Pattern 2: Skill/role discovery

  • “Senior backend engineers in Austin”
  • “Marketing directors with B2B SaaS experience”
  • Finding anyone who matches multiple criteria
  • Ground truth: Multiple correct answers, must check if results match ALL criteria

Pattern 3: Individual lookup

  • “Sarah Chen at Microsoft”
  • Name + company affiliation
  • Ground truth: That specific person’s profile

Step 2: Building the Evaluation Dataset

They created 1,400 test queries stratified across job functions:

Job FunctionNumber of QueriesExamples
Engineering365“Senior DevOps engineer”, “Security architect”
Marketing180“Growth marketing lead”, “Brand manager”
Sales160“Enterprise account executive”, “SDR manager”
Product90“Senior product manager”, “Head of product”
Finance85“FP&A analyst”, “Controller”
HR/People100“People operations manager”, “Recruiter”
Legal70“Corporate counsel”, “Compliance officer”
Design100“Product designer”, “Creative director”
Data/Analytics70“Data scientist”, “Analytics engineer”
Trust & Safety80“Trust & Safety specialist”, “Policy analyst”

Example query structure:

{
  "query_id": "eng_042",
  "query_text": "Senior software engineer in San Francisco",
  "category": "engineering",
  "query_type": "role_discovery",
  "criteria": {
    "role": "Senior Software Engineer",
    "location": "San Francisco",
    "seniority": "Senior"
  }
}

Step 3: Choosing Evaluation Methods

Exa used different metrics for different query types:

For Pattern 1 & 3 (Specific person lookup):

Use standard retrieval metrics (Recall@k, MRR, Precision)

# Example evaluation
query = "VP of Product at Figma"
ground_truth_profile = "figma.com/team/jeff-weinstein"  # The actual VP

results = search_engine.search(query, top_k=10)

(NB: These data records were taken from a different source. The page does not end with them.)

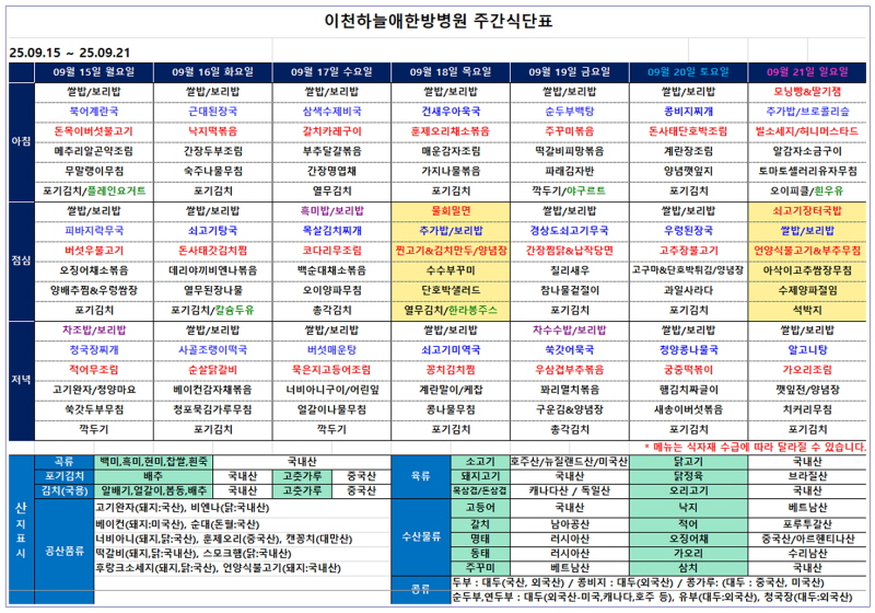 [이천하늘애한방병원 9월 3주차 주간식단표]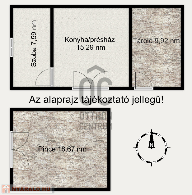 Az épület két szintes, alul egy 18,67 nm-es borospince, fent pedig egy 7,59 nm-es szoba, 15,29 nm-es konyha/présház, illetve külön bejárattal egy 9,92 nm-es tároló helyiség található.
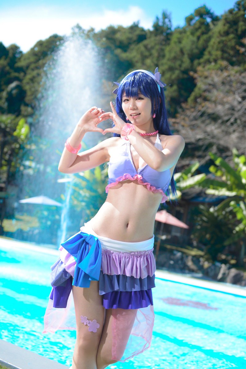 【cosplay】 ラブライブ! 夏色笑顔で1,2,Jump! 園田海未 ードキドキハート打ち上げ💓 Photo:霧島さん@kirisima_mikot #城山スタジオ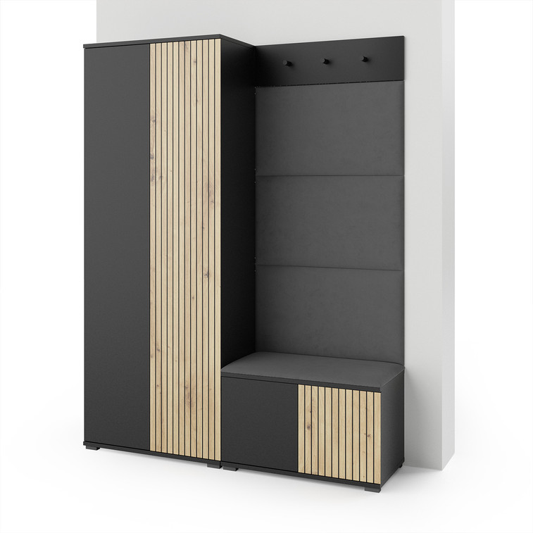 Moderná predsieňová stena je praktický prvok do vstupných priestorov vášho domu. Predsieňová stena obsahuje čalúnené panely, ktoré sa montujú priamo na stenu za pomoci lepidla. Poťah panelov je tkanina Trinity. Bezúchytkové čelá dvierok zaisťujú pohodlné používanie - systém TIP-ON otvára sa jemným zatlačením na čelo dvierok.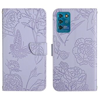 For ZTE Blade V30 Vita Skin Feel Butterfly Peony Embossed Leather Phone Case(Purple)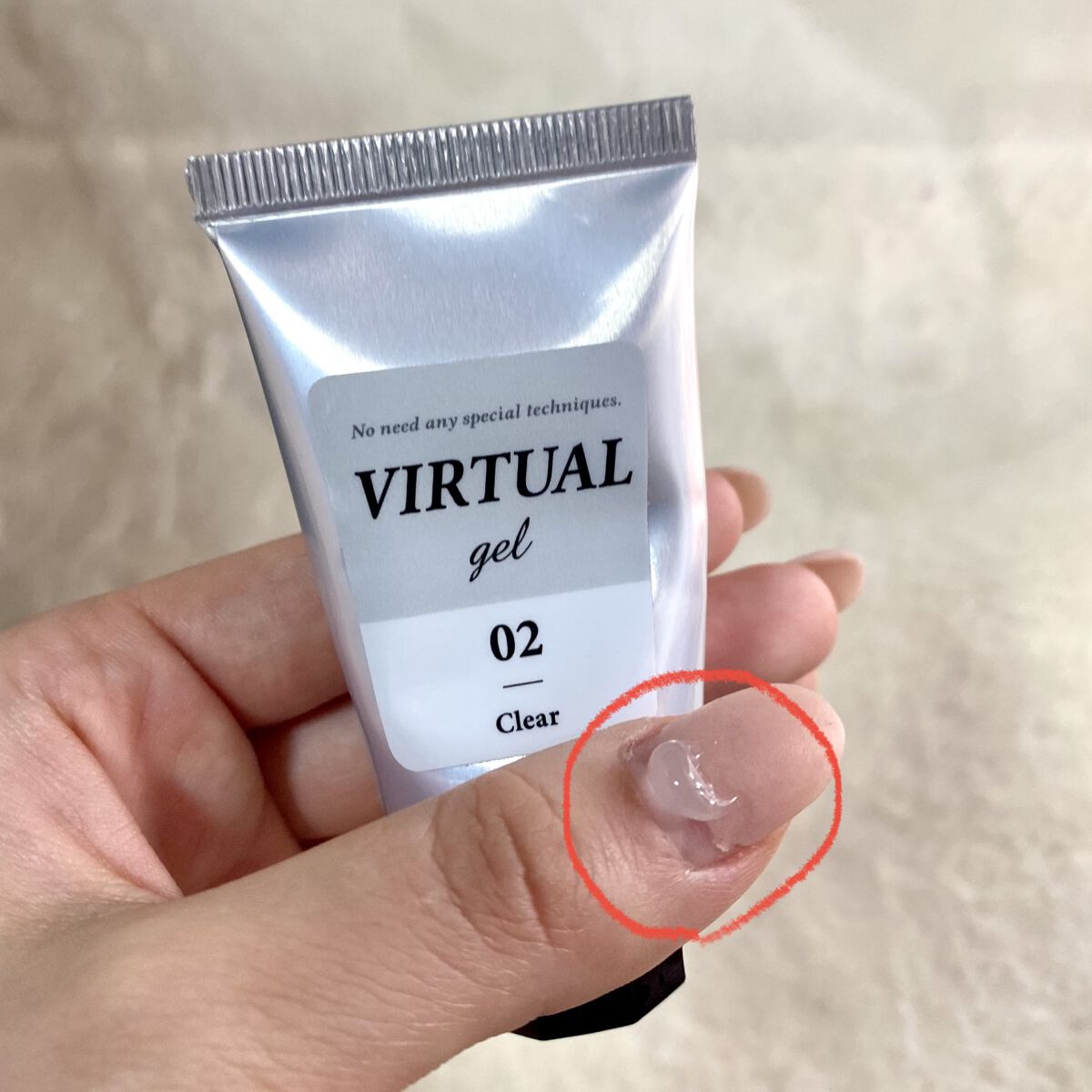 ナチュラルな長め美爪が欲しいなら!セルフで長さだしが簡単にできるバーチャルジェル💖使ってみて!LEDで硬化!刺激臭もなく、形を整えて削る時もカスが舞いにくい!スラスラと形が整えられてやすりが大変💦からも解放してくれます!載せる量で透け感は変わ...

# Check if correct profile is in results
if ground_truth_profile in results:
    position = results.index(ground_truth_profile) + 1
    reciprocal_rank = 1 / position
else:
    reciprocal_rank = 0

For Pattern 2 (Discovery queries):

Use LLM-as-a-judge because there’s no single correct answer.

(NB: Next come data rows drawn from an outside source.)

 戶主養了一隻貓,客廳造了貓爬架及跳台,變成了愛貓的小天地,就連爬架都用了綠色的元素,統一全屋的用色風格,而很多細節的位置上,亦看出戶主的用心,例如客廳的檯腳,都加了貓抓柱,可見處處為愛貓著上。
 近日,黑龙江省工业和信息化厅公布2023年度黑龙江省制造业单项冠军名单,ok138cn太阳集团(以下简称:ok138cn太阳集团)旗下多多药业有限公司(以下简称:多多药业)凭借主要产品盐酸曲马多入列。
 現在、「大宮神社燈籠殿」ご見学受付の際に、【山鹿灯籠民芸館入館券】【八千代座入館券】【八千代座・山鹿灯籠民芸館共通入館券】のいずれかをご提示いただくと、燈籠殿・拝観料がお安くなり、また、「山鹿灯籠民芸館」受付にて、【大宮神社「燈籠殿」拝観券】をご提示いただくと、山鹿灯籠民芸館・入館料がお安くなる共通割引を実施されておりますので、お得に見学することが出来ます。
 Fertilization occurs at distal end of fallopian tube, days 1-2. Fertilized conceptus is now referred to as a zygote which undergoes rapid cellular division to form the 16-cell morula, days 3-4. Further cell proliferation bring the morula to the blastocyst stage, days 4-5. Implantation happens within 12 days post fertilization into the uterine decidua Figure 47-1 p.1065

For each result, check if it matches ALL criteria:

def evaluate_person_result(query_criteria, person_profile):
    """
    Check if person matches all criteria in the query
    Returns: 1 if match, 0 if no match
    """
    prompt = f"""
    Query criteria:
    - Role: {query_criteria['role']}
    - Location: {query_criteria['location']}
    - Seniority: {query_criteria['seniority']}
    
    Person profile:
    {person_profile}
    
    Does this person match ALL criteria?
    Check:
    1. Is their role a match? (e.g., "Software Engineer" matches "Senior Software Engineer")
    2. Is their location a match? (must be exact city)
    3. Is their seniority level correct? (Senior vs Junior vs Staff)
    
    Reply with: MATCH or NO_MATCH
    Explain which criteria failed if NO_MATCH.
    """
    
    result = llm_judge(prompt)
    return 1 if result == "MATCH" else 0

Grading is strict:

Query: “Senior software engineer in San Francisco”

ResultRoleLocationSeniorityScore
Person ASenior SWESan FranciscoSenior✅ 1
Person BSenior SWESan DiegoSenior❌ 0 (wrong city)
Person CJunior SWESan FranciscoJunior❌ 0 (wrong level)
Person DSenior PMSan FranciscoSenior❌ 0 (wrong role)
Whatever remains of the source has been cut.